** Supplied records **
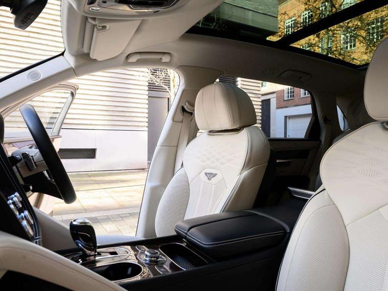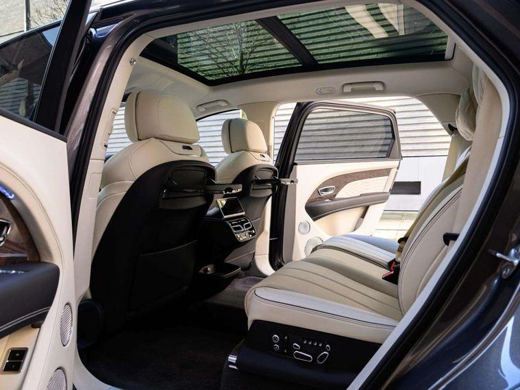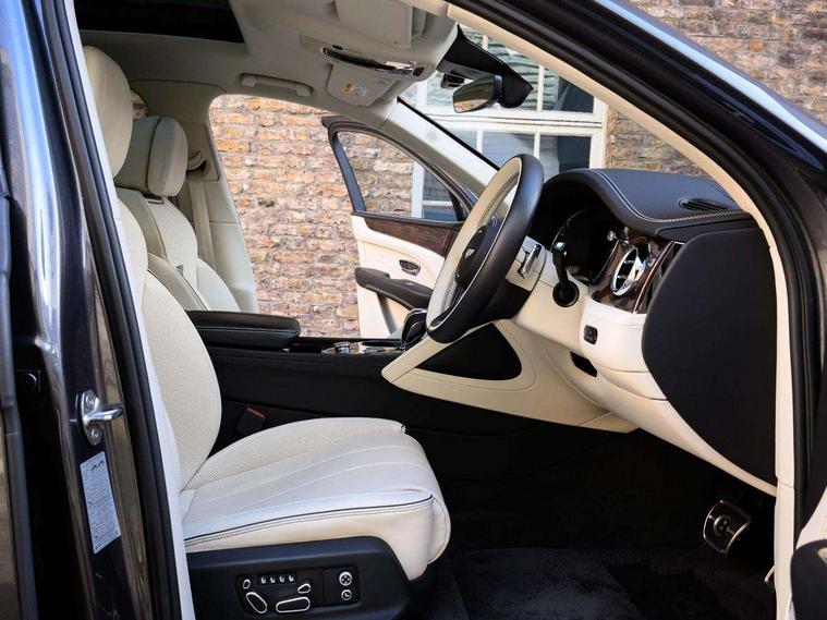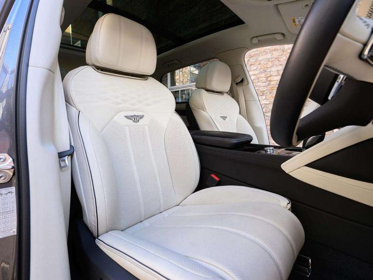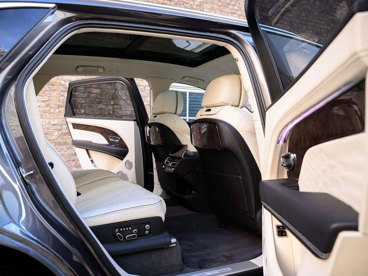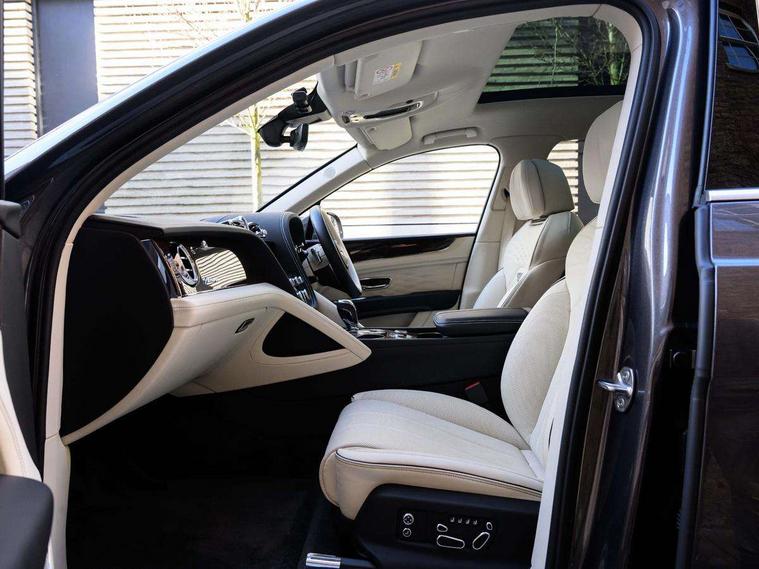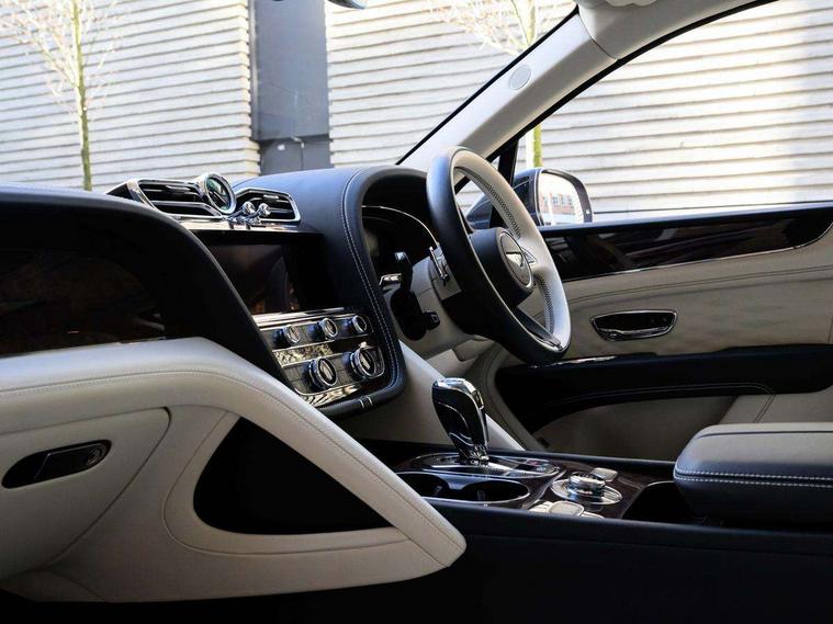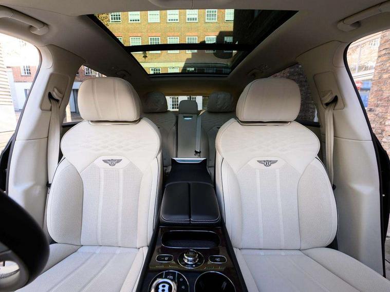 10.9" touch screen high resolution and configurable infotainment display and digital drivers information display, Advanced navigation function with text, search, 3D, satellite maps, speed limit, dynamic traffic route guide, telephone, Text-speech + voice, Bentley branded clock, Bentley GPS tracking system full fitment, Bentley safeguard plus, Blind spot assist, Bluetooth and WIFI enabled, Emergency services call system, Four drive dynamics modes (bentley, comfort, sport, custom), Front/rear park distance control, Hands free power tailgate, MMI Screen, My Bentley connected car services, Power latching to all doors for easy entry, Redesigned instrument panel lower trim rolls, incorporating a storage compartment on the passenger side, Seamlessly integrated technology with wireless apple car play and android auto, Speed sensitive variable ratio electric power steering, Touch screen remote, Traffic jam assist, Voice control system, Wireless phone charging compartment, Air suspension with continuous damping control, Bentley Dynamic ride with electronic all wheel steer, Permanent all wheel drive with centre torsen differential, DAB Digital radio, 3rd brake light, Adaptive low beam, Auto dimming rear view mirror, Automatic headlights, Azure exterior door badges, Azure fascia badge, Bentley badge in tailgate opening switch, Bentley lettering under the wings in tailgate, Black painted shark fin aerial, Body colour door mirrors, Body coloured lower bodywork - Standard paint range, Bright chromed matrix style grille to lower bumper apertures, Bumper design with large side intakes and sculptured surfaces, Contrast front and rear bumper apron, Elec/heat/adj/fold door mirror+memory, Electric tilt/slide panoramic sunroof, Fender design reduces over bodied perception, Fixed rear spoiler, Front and rear fog lamps, Full LED supplementary lamps and tail lamps, Full matrix LED headlamps with high beam assist, Full width clamshell design and deeply contoured rear tailgate panel, Heated rear windscreen, Illuminated treadplates, Jewel fuel and oil filler caps, Large dominant B shaped side wing vent front position, LED daytime running lights, Long fender vent above the power line on body side, Lower door side mouldings, Number plate aperture position under rear bumper, Oval split tailpipe, Phone antenna amplifier, Power close rear door, Rain sensing wipers, Rear side wing doors, Rear wiper, Roof rails, Trailer sway mitigation, Tunnel detection for auto light control, V8 exterior badge, Wet arm wipers and heated water jets, 12V power in rear centre console, 12V socket in glovebox, 12V socket in luggage compartment, 3 seat bench in 2nd row, 4-Zone HVAC, Air Ioniser, Azure seat emblems, Deep pile overmats to front and rear, Dinamica headlining and upper trim, Electric tilt and reach adjustment steering column with memory and easy entry function, Electronic accessory preparation, Embroidered Bentley emblems, Fluted seat design, Foams and cover design on all seats, Folding luggage compartment cover, Front and rear cupholders, Indented steering wheel, Interior mood lighting, Isofix attachments on outer rear seats, Key box, Load through facility, Lockable cooled glovebox, Luggage rails, Rear dual window switches, Rear seat climate control, Single front passenger seat, Sports pedals, Stowage with instrument panel, doors (front and rear), armrests and console, Twin front armrests, Two metal bulls eye vents with organ stops and redesigned centre vents, Two type C USB ports front and rear, Wing pockets for small items, Harmony diamond quilt specification pack - Bentayga, Touring specification pack - Bentayga, 3 rear seatbelts, ABS/EBD, Child safety lock, EDL, Electronic park brake with move-off assist, Electronic tyre pressure monitoring, ESP + MSR + ASR, Exit warning, Front and rear head airbags, Front and rear thorax airbag system, Front passenger airbag deactivation, Front seatbelt pretensioners with force limiters, Hill descent function, Hydraulic Brake Assist (HBA), Rear outer seatbelt pretensioners with force limiters, Rollover mitigation, Side airbags, Traction control, Immobiliser, Keyless entry, Keyless ignition, Preparation for vehicle tracking, Remote central locking, Volumetric anti theft alarm, Veneered centre fascia panel,
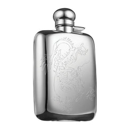 Asprey's sterling silver Hip Flask is an excellent travel and sport event accessory for those on the go. With an engraved dragon design representing the Chinese Zodiac, this flask exudes refinement. It boasts rounded corners and discreetly showcases the Asprey logo and hallmark. Noteworthy for its hinged screw cap, designed to never be misplaced. This flask is an ideal canvas for personalisation, allowing you to add a name, monogram, date, or heartfelt message. Rooted in 18th-century design, its concave shape is tailored to fit comfortably in a hip pocket, ensuring quick access to your preferred drink during outdoor pursuits. Impeccably crafted and timeless, it stands as a symbol of quality craftsmanship.
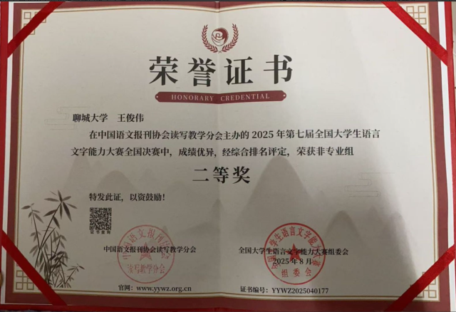 王俊伟 2025届第七届全国大学生语言文字能力大赛 国家级二等奖 2025.08
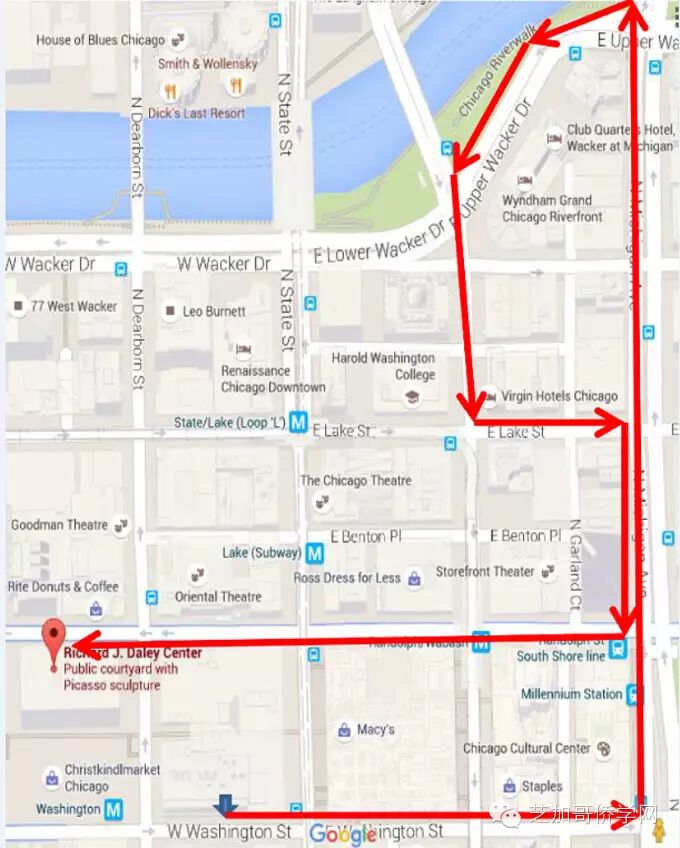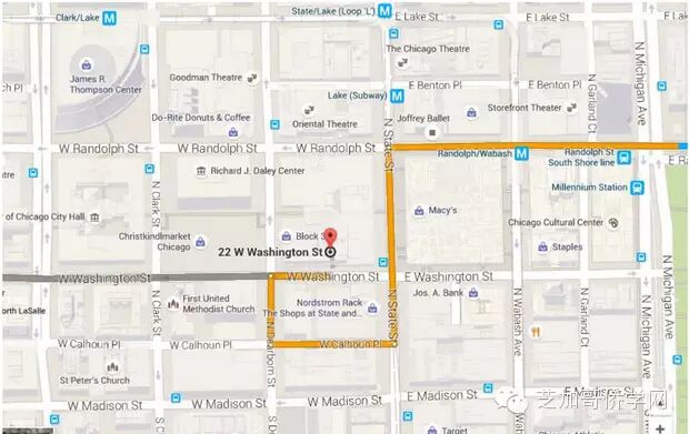 CTA:最近站点依次为蓝线Washington,红线Lake,棕绿橙粉线Randolph/Wabash。
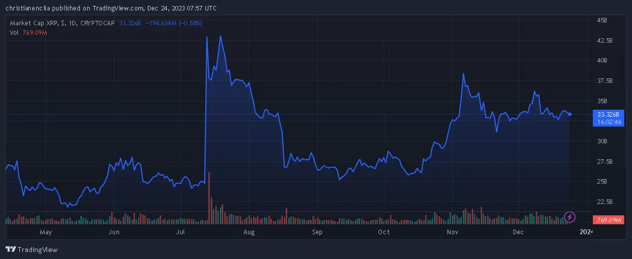 XRP market cap currently at $33.347 billion. Chart: TradingView.com
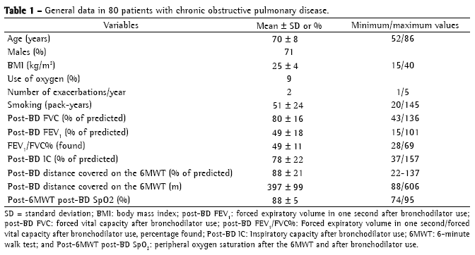 This was a cross-sectional, descriptive study, comprising 80 stable patients with COPD. Inclusion criteria were as follows: being over 35 years of age; having a smoking history of more than 20 pack-years; and presenting a post-BD FEV1/FVC (% of predicted) lower than 70% in the functional evaluation. Patients were selected from two Pulmonology Units in Brasília and were monitored for at least two months, presenting good compliance with treatment, which was instituted according to symptoms and severity, as per the GOLD guidelines.(1) The following exclusion criteria were applied: presenting unstable disease; using high doses of oral corticosteroids (= 40 mg of prednisone); having used antibiotics within the four weeks preceding the study outset; and presenting uncontrolled comorbidities, such as myopathies, peripheral vascular disease, and rheumatic/orthopedic diseases that impair locomotion, as well as coronary ischemia and arrhythmia.
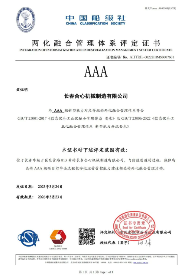 近日,長春合心機械制造有限公司(以下稱“合心機械”)宣布,公司已榮獲由中國船級社頒發(fā)的AAA級兩化融合管理體系評定證書。合心機械是吉林省首家獲得該資質的民營企業(yè)。
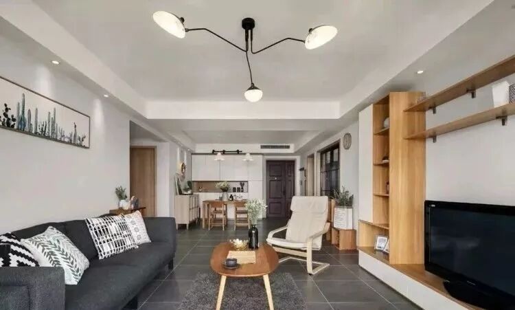客厅电视背景墙是现场定制的组合柜,客餐厅地面采用卡布奇诺深灰色地砖,增加了与家具的木色感对比。
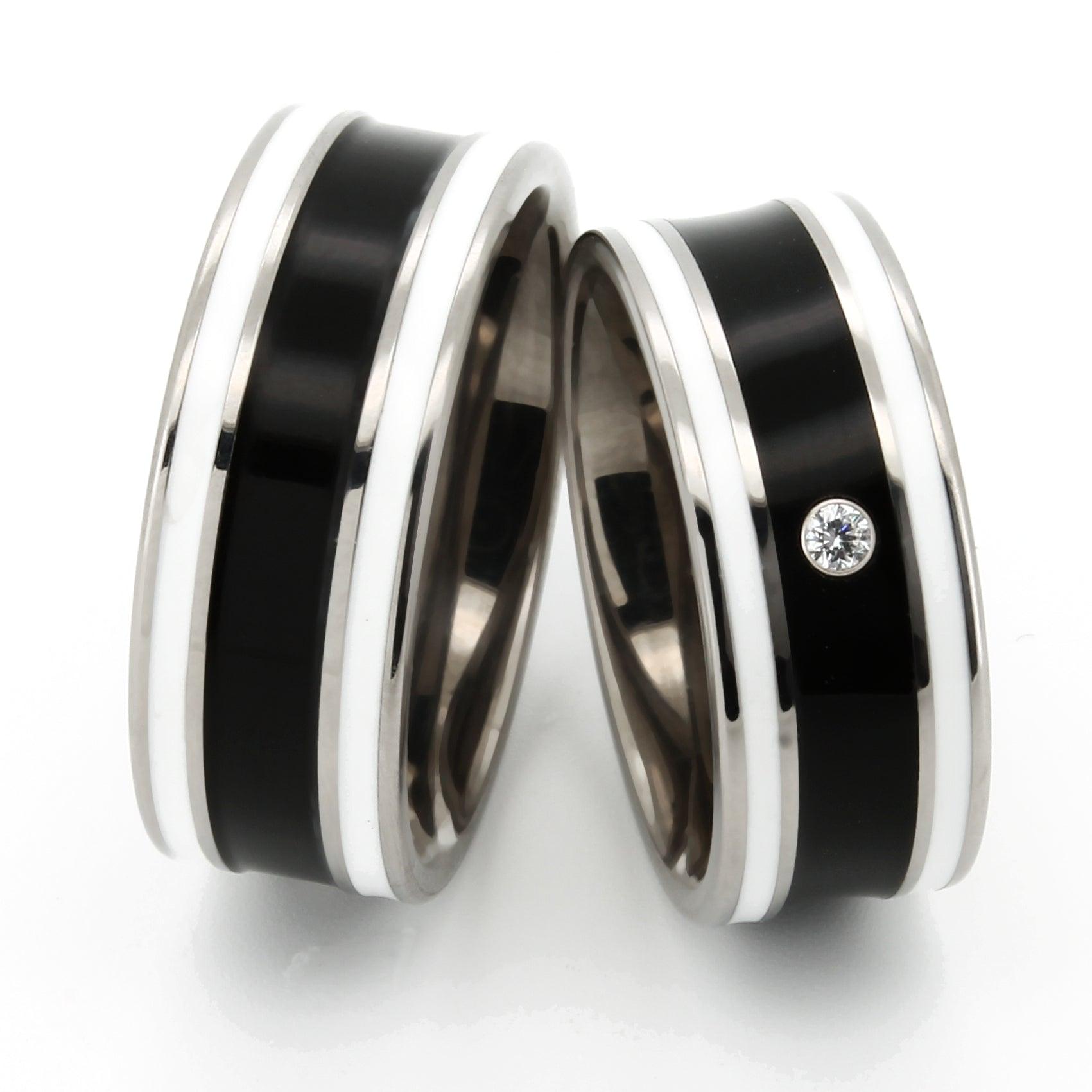 TICO® I Eheringe & Trauringe Titan mit Schwarz/weißer Keramik und Diamant
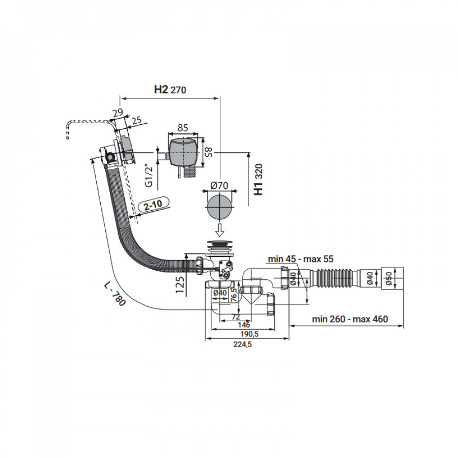 Теги: Сифон для ванної Zerix SV-02-B з ревізією, переливом "напівавтомат" (трос 580 мм) (ZX4960), , ZX4960, O&L, Сифоны, трапы
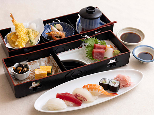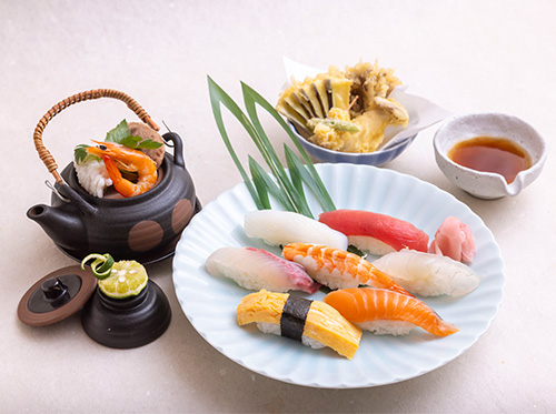 寿司4貫+細巻2貫・先付2種・お造り・炊き合わせ・天ぷら・茶碗蒸し
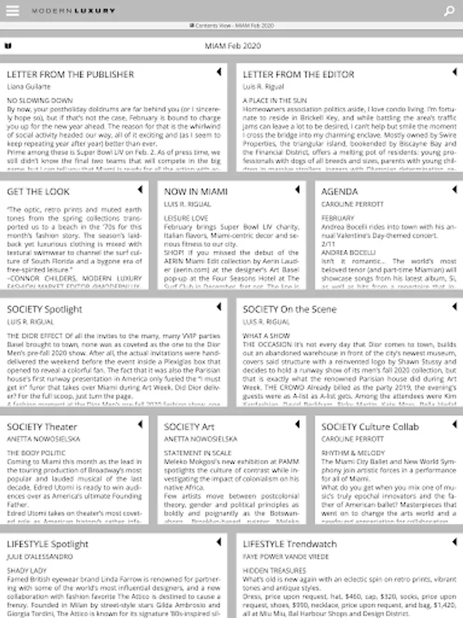 Download the absolute modern authority on the city of Miami today. Miami is the magazine for the discriminating reader and one of the first city-regionals available in app format. Be among the first to read this award winning content on your mobile device. Whether it's a revealing celebrity profile, a special feature on the chicest trends in design, cutting-edge fashion spreads or an in-depth review of Miami’s hot spots, Miami magazine consistently engages the influential and affluent interested in this great metropolis.
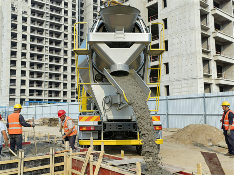 ▶ Ontlading: Wanneer de vrachtwagen op de bouwplaats aankomt, wordt het beton uit de trommel gelost door de trommel in de tegenovergestelde richting te draaien. Het beton wordt via een stortkoker aan de achterkant van de vrachtwagen afgevoerd en kan naar de gewenste locatie worden geleid.

** Your task **
Please retype the data exactly as it appears, but without any of its pictures.

** Result **
 10.9" touch screen high resolution and configurable infotainment display and digital drivers information display, Advanced navigation function with text, search, 3D, satellite maps, speed limit, dynamic traffic route guide, telephone, Text-speech + voice, Bentley branded clock, Bentley GPS tracking system full fitment, Bentley safeguard plus, Blind spot assist, Bluetooth and WIFI enabled, Emergency services call system, Four drive dynamics modes (bentley, comfort, sport, custom), Front/rear park distance control, Hands free power tailgate, MMI Screen, My Bentley connected car services, Power latching to all doors for easy entry, Redesigned instrument panel lower trim rolls, incorporating a storage compartment on the passenger side, Seamlessly integrated technology with wireless apple car play and android auto, Speed sensitive variable ratio electric power steering, Touch screen remote, Traffic jam assist, Voice control system, Wireless phone charging compartment, Air suspension with continuous damping control, Bentley Dynamic ride with electronic all wheel steer, Permanent all wheel drive with centre torsen differential, DAB Digital radio, 3rd brake light, Adaptive low beam, Auto dimming rear view mirror, Automatic headlights, Azure exterior door badges, Azure fascia badge, Bentley badge in tailgate opening switch, Bentley lettering under the wings in tailgate, Black painted shark fin aerial, Body colour door mirrors, Body coloured lower bodywork - Standard paint range, Bright chromed matrix style grille to lower bumper apertures, Bumper design with large side intakes and sculptured surfaces, Contrast front and rear bumper apron, Elec/heat/adj/fold door mirror+memory, Electric tilt/slide panoramic sunroof, Fender design reduces over bodied perception, Fixed rear spoiler, Front and rear fog lamps, Full LED supplementary lamps and tail lamps, Full matrix LED headlamps with high beam assist, Full width clamshell design and deeply contoured rear tailgate panel, Heated rear windscreen, Illuminated treadplates, Jewel fuel and oil filler caps, Large dominant B shaped side wing vent front position, LED daytime running lights, Long fender vent above the power line on body side, Lower door side mouldings, Number plate aperture position under rear bumper, Oval split tailpipe, Phone antenna amplifier, Power close rear door, Rain sensing wipers, Rear side wing doors, Rear wiper, Roof rails, Trailer sway mitigation, Tunnel detection for auto light control, V8 exterior badge, Wet arm wipers and heated water jets, 12V power in rear centre console, 12V socket in glovebox, 12V socket in luggage compartment, 3 seat bench in 2nd row, 4-Zone HVAC, Air Ioniser, Azure seat emblems, Deep pile overmats to front and rear, Dinamica headlining and upper trim, Electric tilt and reach adjustment steering column with memory and easy entry function, Electronic accessory preparation, Embroidered Bentley emblems, Fluted seat design, Foams and cover design on all seats, Folding luggage compartment cover, Front and rear cupholders, Indented steering wheel, Interior mood lighting, Isofix attachments on outer rear seats, Key box, Load through facility, Lockable cooled glovebox, Luggage rails, Rear dual window switches, Rear seat climate control, Single front passenger seat, Sports pedals, Stowage with instrument panel, doors (front and rear), armrests and console, Twin front armrests, Two metal bulls eye vents with organ stops and redesigned centre vents, Two type C USB ports front and rear, Wing pockets for small items, Harmony diamond quilt specification pack - Bentayga, Touring specification pack - Bentayga, 3 rear seatbelts, ABS/EBD, Child safety lock, EDL, Electronic park brake with move-off assist, Electronic tyre pressure monitoring, ESP + MSR + ASR, Exit warning, Front and rear head airbags, Front and rear thorax airbag system, Front passenger airbag deactivation, Front seatbelt pretensioners with force limiters, Hill descent function, Hydraulic Brake Assist (HBA), Rear outer seatbelt pretensioners with force limiters, Rollover mitigation, Side airbags, Traction control, Immobiliser, Keyless entry, Keyless ignition, Preparation for vehicle tracking, Remote central locking, Volumetric anti theft alarm, Veneered centre fascia panel,
 Asprey's sterling silver Hip Flask is an excellent travel and sport event accessory for those on the go. With an engraved dragon design representing the Chinese Zodiac, this flask exudes refinement. It boasts rounded corners and discreetly showcases the Asprey logo and hallmark. Noteworthy for its hinged screw cap, designed to never be misplaced. This flask is an ideal canvas for personalisation, allowing you to add a name, monogram, date, or heartfelt message. Rooted in 18th-century design, its concave shape is tailored to fit comfortably in a hip pocket, ensuring quick access to your preferred drink during outdoor pursuits. Impeccably crafted and timeless, it stands as a symbol of quality craftsmanship.
 王俊伟 2025届第七届全国大学生语言文字能力大赛 国家级二等奖 2025.08
 CTA:最近站点依次为蓝线Washington,红线Lake,棕绿橙粉线Randolph/Wabash。
 XRP market cap currently at $33.347 billion. Chart: TradingView.com
 This was a cross-sectional, descriptive study, comprising 80 stable patients with COPD. Inclusion criteria were as follows: being over 35 years of age; having a smoking history of more than 20 pack-years; and presenting a post-BD FEV1/FVC (% of predicted) lower than 70% in the functional evaluation. Patients were selected from two Pulmonology Units in Brasília and were monitored for at least two months, presenting good compliance with treatment, which was instituted according to symptoms and severity, as per the GOLD guidelines.(1) The following exclusion criteria were applied: presenting unstable disease; using high doses of oral corticosteroids (= 40 mg of prednisone); having used antibiotics within the four weeks preceding the study outset; and presenting uncontrolled comorbidities, such as myopathies, peripheral vascular disease, and rheumatic/orthopedic diseases that impair locomotion, as well as coronary ischemia and arrhythmia.
 近日,長春合心機械制造有限公司(以下稱“合心機械”)宣布,公司已榮獲由中國船級社頒發(fā)的AAA級兩化融合管理體系評定證書。合心機械是吉林省首家獲得該資質的民營企業(yè)。
客厅电视背景墙是现场定制的组合柜,客餐厅地面采用卡布奇诺深灰色地砖,增加了与家具的木色感对比。
 TICO® I Eheringe & Trauringe Titan mit Schwarz/weißer Keramik und Diamant
 Теги: Сифон для ванної Zerix SV-02-B з ревізією, переливом "напівавтомат" (трос 580 мм) (ZX4960), , ZX4960, O&L, Сифоны, трапы
 寿司4貫+細巻2貫・先付2種・お造り・炊き合わせ・天ぷら・茶碗蒸し
 Download the absolute modern authority on the city of Miami today. Miami is the magazine for the discriminating reader and one of the first city-regionals available in app format. Be among the first to read this award winning content on your mobile device. Whether it's a revealing celebrity profile, a special feature on the chicest trends in design, cutting-edge fashion spreads or an in-depth review of Miami’s hot spots, Miami magazine consistently engages the influential and affluent interested in this great metropolis.
 ▶ Ontlading: Wanneer de vrachtwagen op de bouwplaats aankomt, wordt het beton uit de trommel gelost door de trommel in de tegenovergestelde richting te draaien. Het beton wordt via een stortkoker aan de achterkant van de vrachtwagen afgevoerd en kan naar de gewenste locatie worden geleid.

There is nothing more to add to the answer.